Hormonal changes are likely one of the main factors . The menstrual cycle, unique to adult women, is a common cause of sleep disruption. Some women experience sleep problems at certain stages of their menstrual cycle. Pain or changes in body temperature may be the culprits. Tension, irritability, mood swings, or emotional fluctuations before and after menstruation can be both triggers and consequences.
Women are more sensitive to sleep disturbances . Women are more prone to sleep problems such as insomnia and excessive sleepiness than men. One study showed that approximately 15% of women have experienced some type of sleep problem, compared to only 8% of men. Furthermore, 63% of women experience insomnia at least several times a week (compared to 54% of men). On the other hand, melatonin , a hormone that regulates sleep and is primarily produced by the pineal gland in mammals and humans, is an amine hormone that can shorten the time it takes to fall asleep and improve sleep quality. Studies have found that women are also less sensitive to melatonin (a natural sleep-promoting hormone).
Women use more of their brains. This is attributed to the fact that women expend more energy on mentally stimulating tasks and multitasking than men; in other words, women spend more mental energy on more tasks or details. If sleep is the time for the brain to regenerate, then you need more time to sleep when you’re working to increase brain function throughout the day.
Pregnancy. For women, pregnancy is a significant trigger for sleep disorders, with many pregnant women experiencing various sleep disturbances. Physiological changes during pregnancy, such as weight gain, nausea, and pregnancy complications, can all disrupt sleep. In early pregnancy, deep sleep decreases while light sleep increases; in late pregnancy, increased oxytocin secretion makes it easier to wake up in the middle of the night. Simultaneously, pregnancy hormones reduce bladder and urethral muscle tone, making pregnant women more prone to urination, which also interferes with sleep.
Menopause. The arrival of menopause brings a series of changes. During menopause, a woman’s ovaries slow down the production of progesterone, a hormone that promotes sleep. Studies show that women in menopause or perimenopause (the period before menopause, which may last for several years) are at significant risk of sleep disorders. The decrease in estrogen levels directly or indirectly leads to sleep disruption; hot flashes, night sweats, and unstable moods contribute to insomnia. However, when entering menopause, women typically take longer to fall asleep, and their deep sleep time is correspondingly shorter than that of men.

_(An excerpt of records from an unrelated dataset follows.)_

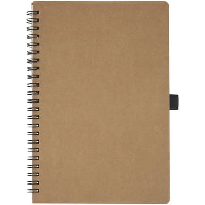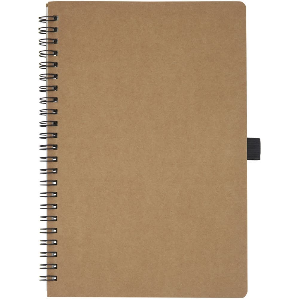 Wire-o-notitieboek in A5-formaat met cover uit gerecycled karton en penlus. Bevat 70 vellen 60 g/m² gelijnde binnenpagina's gemaakt van steen. Steenpapier is 100% boomvrij en het productieproces verbruikt minder energie in vergelijking met gerecycled of nieuw pulppapier. Het papier is water- en scheurbestendig en heeft een natuurlijke witte kleur (er is geen bleekmiddel gebruikt).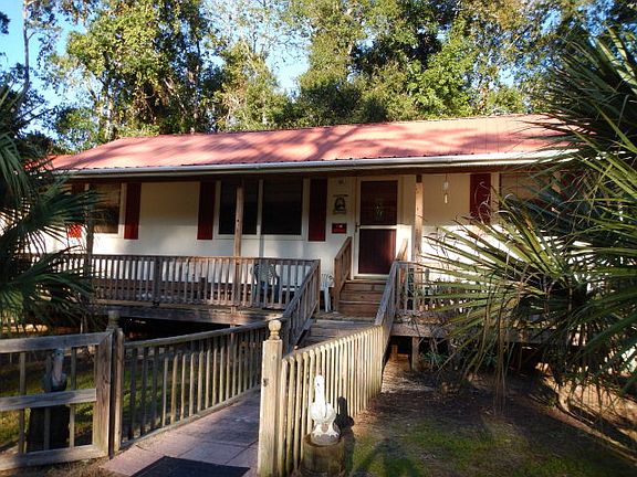 More Bang for Your Buck! 2 BR, 2 Bath home on 5 lots only a few blocks from Steinhatchee's public boat ramp. Home has metal roof and full length front porch, ceramic tile floors for easy maintenance. Breakfast bar seats a crowd easily and kitchen boasts all wood cabinets. Boat barn will hold 2 boats, small shop area. Much of the 5 lots is still wooded for privacy. Nicely landscaped yard. Put this one on your list!!!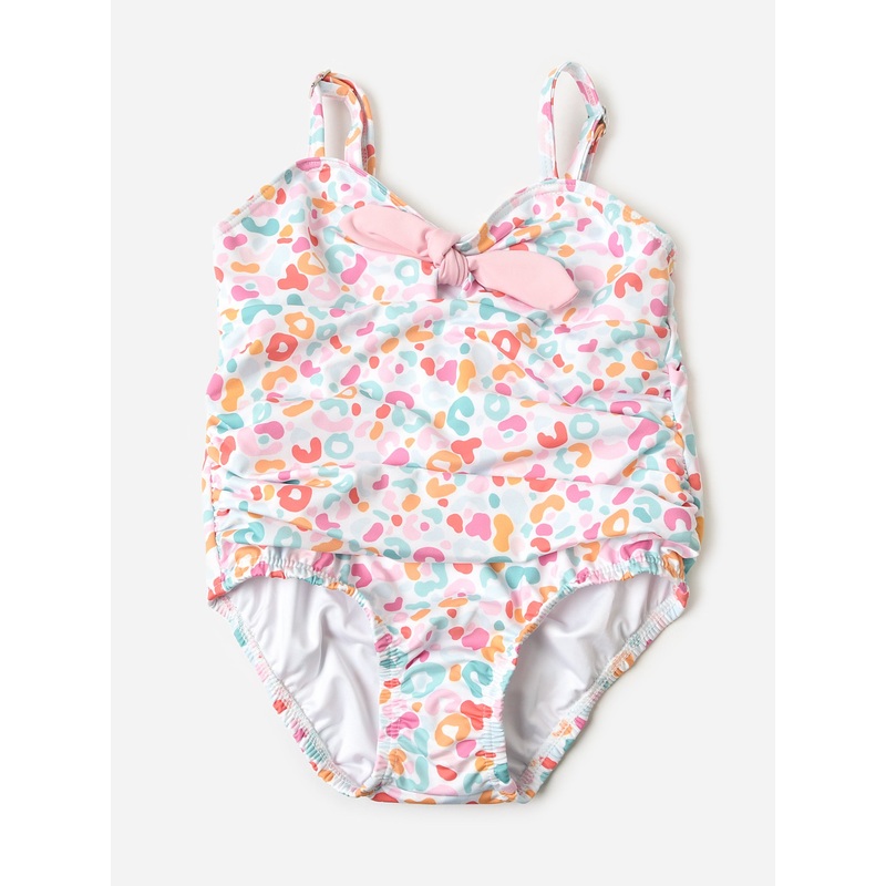 DESCRIPTION:A colorful one-piece swimsuit with a fun cheetah print and center knot detail.FEATURES:Sweetheart NecklineThin, Adjustable StrapsCenter Knot DetailModerate CoverageFull CoverageAll-Over Novelty PrintPolyester BlendClassic Fit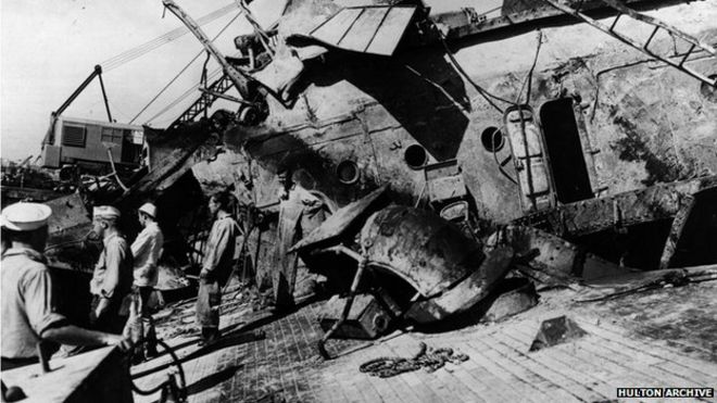 The Oklahoma was one of several warships targeted by Japanese submarines and aircraft in the surprise assault on 7 December 1941. More than 2,400 people were killed.

Compared to men, women are more likely to have poor rest due to various factors and need more sleep to maintain their health.
How to improve sleep?
Exercise, especially appropriate exercise, helps burn excess energy, reduce stress, anxiety, and tension, and stabilize emotions. In short, exercise can improve your mindset and make you more efficient and energetic. Maintain mental and physical activity, exercising for at least 30 minutes daily, but strenuous exercise is not recommended within one hour of bedtime.
Soaking your feet in hot water, meditation, and a suitable environment and bedding can all contribute to a good night’s sleep. Modern people, in particular, should avoid electronic devices before bed, ensuring reduced light levels and avoiding prolonged television or computer use, especially video games.
The best way to rest at night is in a dimly lit environment, listening to relaxing music and practicing diaphragmatic breathing, avoiding light that could disrupt your biological clock. Put away screens an hour before bed to limit blue light exposure. Also, avoid noise and pay attention to room temperature.